The invention advantageously provides a rapid, sensitive method for detecting cancer, and can be used to screen subjects at risk for cancer, including solid tumors and leukemias, or to monitor patients diagnosed with cancer for tumor recurrence. For example, subjects at risk for bladder cancer, lung cancer, breast cancer, ovarian cancer, prostate cancer, colorectal cancer, head and neck cancer, renal cancer, or leukemia can be screened or monitored for recurrence. In general, a set of chromosomal probes is hybridized to cells (from urine or other biological sample) on a slide. The cells on the slide are then visually scanned at a relatively low power (e.g. 200-400) for morphologic features strongly suggestive of malignancy (e.g. increased nuclear size or irregular nuclear shape). The nuclei of the cytologically abnormal cells are then examined for chromosomal abnormalities by switching the objective to a higher power (e.g. 600-1000×) and “flipping” the filters to determine if the cell is aneusomic or not. Use of this process markedly reduces the time spent assessing cells that have a low probability of being neoplastic and allows the examiner to focus their efforts on the cells that have a much higher probability of being neoplastic and showing aneusomy.

In Situ Hybridization

The presence or absence of aneusomic cells is determined by in situ hybridization. “Aneusomic cells” are cells having an abnormal number of chromosomes or having chromosomal structural alterations such as hemizygous or homozygous loss of a specific chromosomal region. Typically, aneusomic cells having one or more chromosomal gains, i.e., three or more copies of any given chromosome, are considered test positive in the methods described herein, although cells exhibiting monosomy and nullisomy also may be considered test positive under certain circumstances. In general, in situ hybridization includes the steps of fixing a biological sample, hybridizing a chromosomal probe to target DNA contained within the fixed biological sample, washing to remove non-specific binding, and detecting the hybridized probe.
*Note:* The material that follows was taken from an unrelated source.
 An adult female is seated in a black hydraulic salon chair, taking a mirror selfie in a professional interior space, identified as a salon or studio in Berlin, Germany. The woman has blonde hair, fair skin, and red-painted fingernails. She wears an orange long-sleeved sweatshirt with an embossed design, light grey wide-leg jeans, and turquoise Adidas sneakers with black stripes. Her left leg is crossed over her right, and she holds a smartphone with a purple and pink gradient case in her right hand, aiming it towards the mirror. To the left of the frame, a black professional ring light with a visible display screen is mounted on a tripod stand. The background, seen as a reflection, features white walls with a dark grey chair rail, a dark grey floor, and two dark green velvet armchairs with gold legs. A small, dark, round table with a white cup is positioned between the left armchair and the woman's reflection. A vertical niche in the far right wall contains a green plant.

A “biological sample” is a sample that contains cells or cellular material. Typically, the biological sample is concentrated prior to hybridization to increase cell density. Non-limiting examples of biological samples include urine, blood, cerebrospinal fluid (CSF), pleural fluid, sputum, and peritoneal fluid, bladder washings, secretions (e.g. breast secretion), oral washings, tissue samples, touch preps, or fine-needle aspirates. The type of biological sample that is used in the methods described herein depends on the type of cancer one wishes to detect. For example, urine and bladder washings provide useful biological samples for the detection of bladder cancer and to a lesser extent prostate or kidney cancer. Pleural fluid is useful for detecting lung cancer, mesothelioma or metastatic tumors (e.g. breast cancer), and blood is a useful biological sample for detecting leukemia. For tissue samples, the tissue can be fixed and placed in paraffin for sectioning, or frozen and cut into thin sections.
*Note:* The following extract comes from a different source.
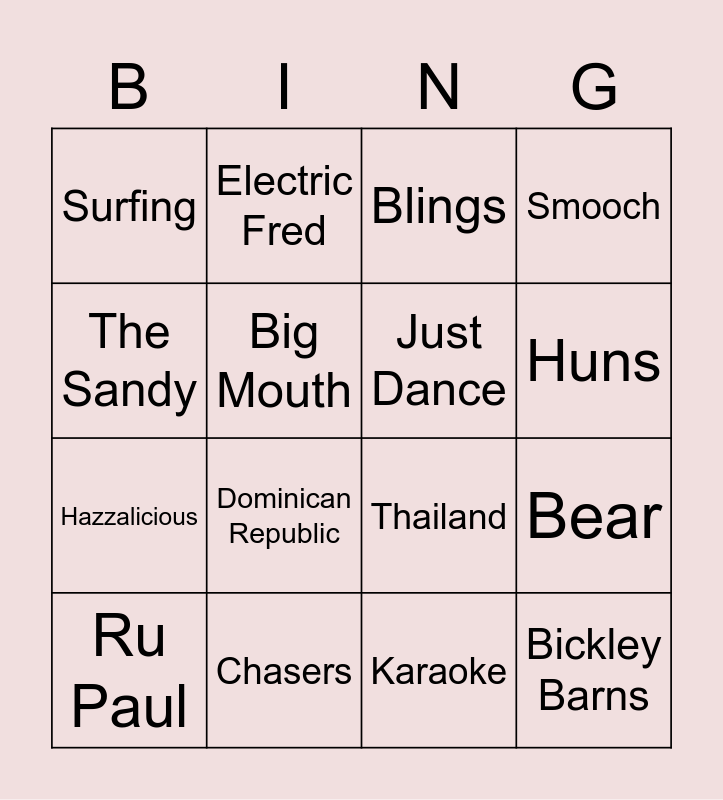 This bingo card has 20 words: Bear, Thatchers, Blings, Queer Eye, Ru Paul, The Sandy, Chasers, Surfing, Hazzalicious, Electric Fred, Dominican Republic, Thailand, Big Mouth, Bickley Barns, Just Dance, Pokemon Go, Huns, Smooch, Karaoke and Yaas Queen.

Typically, cells are harvested from a biological sample using standard techniques. For example, cells can be harvested by centrifuging a biological sample such as urine, and resuspending the pelleted cells. Typically, the cells are resuspended in phosphate-buffered saline (PBS). After centrifuging the cell suspension to obtain a cell pellet, the cells can be fixed, for example, in acid alcohol solutions, acid acetone solutions, or aldehydes such as formaldehyde, paraformaldehyde, and glutaraldehyde. For example, a fixative containing methanol and glacial acetic acid in a 3:1 ratio, respectively, can be used as a fixative. A neutral buffered formalin solution also can be used, and includes approximately 1% to 10% of 37-40% formaldehyde in an aqueous solution of sodium phosphate. Slides containing the cells can be prepared by removing a majority of the fixative, leaving the concentrated cells suspended in only a portion of the solution.

The cell suspension is applied to slides such that the cells do not overlap on the slide. Cell density can be measured by a light or phase contrast microscope. For example, cells harvested from a 20 to 100 ml urine sample typically are resuspended in a final volume of about 100 to 200 μl of fixative. Three volumes of this suspension (usually 3, 10, and 30 μl), are then dropped into 6 mm wells of a slide. The cellularity (i.e. density of cells) in these wells is then assessed with a phase contrast microscope. If the well containing the greatest volume of cell suspension does not have enough cells, the cell suspension is concentrated and placed in another well.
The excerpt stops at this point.